Hybrid materials from organic electronic conductors and synthetic-lignin models for charge storage applications

Abstract

Homopolymers and copolymers of the monolignols syringol (S) and guaiacol (G) were prepared as well-defined lignin model compounds. Polymerisation was performed by phenol–formaldehyde condensation, also including the monomer hydroquinone (HQ) to extend the range of redox processes in these synthetic lignins (SLig). The chemical structures of the SLig samples were characterized by ¹³C and quantitative ³¹P NMR, and the molecular weight was monitored by size exclusion chromatography (SEC). Subsequently, SLig were incorporated into two different electron-conducting matrix – single-wall carbon nanotubes (SWNT) and polypyrrole (PPy), respectively. As a result, the hybrid materials, with a controlled amount of SWNT or with an unknown amount of PPy, were assembled and compared.
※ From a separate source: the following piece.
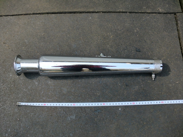 - トランペットマフラー メガホンマフラー クローム Tボルトバンドクランプ付き サイレンサー付き 全長約490mm M08

The charge storage properties in the investigated materials are attributed to contributions from both the double-layer capacitance of the conducting matrix, and the faradaic reactions provided by quinone groups immobilized in the electrodes. The results indicate a considerable improvement of charge capacity, with the synthetic lignins incorporated in the hybrid materials. With a PPy carrying S, G and HQ, better performance is obtained than has previously been obtained with lignin derivatives, showing a maximum capacity of 94 mA h g⁻¹. Moreover, a low amount of electronic conductor (20% wt of SWNT) is adequate to perform efficient electron communication between redox active quinones and the electrode surface, providing 72 mA h g⁻¹.